Liu Jingnan—former president of Wuhan University, DKU’s academic partner—will serve as chancellor of the new China campus, the University announced Thursday. Mary Bullock, former president of Agnes Scott College, will serve as the executive vice chancellor. As chancellor—a largely ceremonial position—Liu will act as the external face of DKU, and Bullock, a U.S.-China relations scholar, will be the chief academic and executive leader.
Additionally, Nora Bynum was appointed vice provost for DKU and China initiatives. Bynum previously served as associate vice provost for global strategy and programs, and she has played a significant role in the development of Duke Kunshan University.

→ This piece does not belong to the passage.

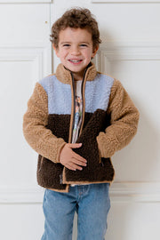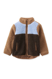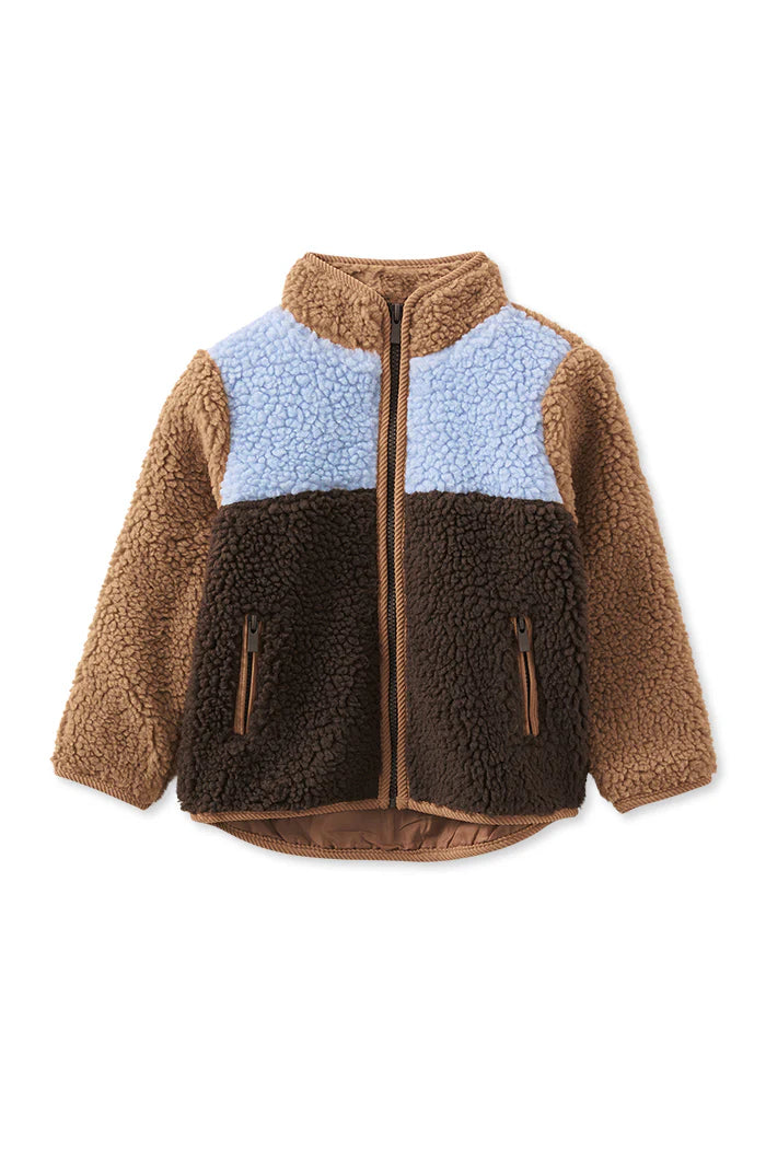 Designed with a stylish panelled look, it features brown sleeves and a collar stand, complemented by a light blue upper chest and a chocolate brown lower body. The soft fabric is enhanced by cord trimming and functional front zip pockets, perfect for storing all those little treasures.

The Chinese Ministry of Education recently awarded DKU preparation approval, which allows administrators to move forward with academic and strategic planning. Administrators are in the process of preparing the application for establishment approval, which allows the campus to open its doors for students. The process of receiving establishment approval could take more than one year, but administrators hope to be able to offer academic programs starting Fall 2014.

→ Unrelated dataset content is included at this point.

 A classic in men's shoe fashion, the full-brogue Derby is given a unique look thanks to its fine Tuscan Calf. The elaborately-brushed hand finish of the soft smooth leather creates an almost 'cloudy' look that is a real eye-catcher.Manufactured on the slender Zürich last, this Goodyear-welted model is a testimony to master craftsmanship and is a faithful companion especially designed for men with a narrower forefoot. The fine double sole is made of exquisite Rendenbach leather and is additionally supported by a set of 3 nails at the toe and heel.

In several months, there will be a ceremony to formally announce the preparation approval in China, Provost Peter Lange said at Thursday’s Academic Council meeting.
Lange added that some of the upcoming goals for DKU administrators are to hire faculty and register the campus as an independent entity with its own Board of Trustees. Campus construction slowed down in the Spring due to a “dispute,” Lange said. But the city of Kunshan, who is footing the bill for construction, has asserted that the first five buildings will be completed by July 2013.

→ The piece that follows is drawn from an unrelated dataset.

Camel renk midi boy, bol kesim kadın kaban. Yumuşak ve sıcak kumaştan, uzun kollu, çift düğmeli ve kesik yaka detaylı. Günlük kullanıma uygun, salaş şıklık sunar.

A member of the Chinese Academy of Engineering and the Science and Technology Commission of China’s Ministry of Education, Liu has been key lecturer on the global level. He is also vice chair of the Hubei Association for Science and Technology and vice director of Hubei Communications Society. Under his leadership from 2003 to 2008, Wuhan University has become more well-known for its academic programs and student lift and recently reformed financial management, according to the release.
Bullock’s position as executive vice chancellor means that she will be responsible for the design and delivering of top-quality academic programs at the institution.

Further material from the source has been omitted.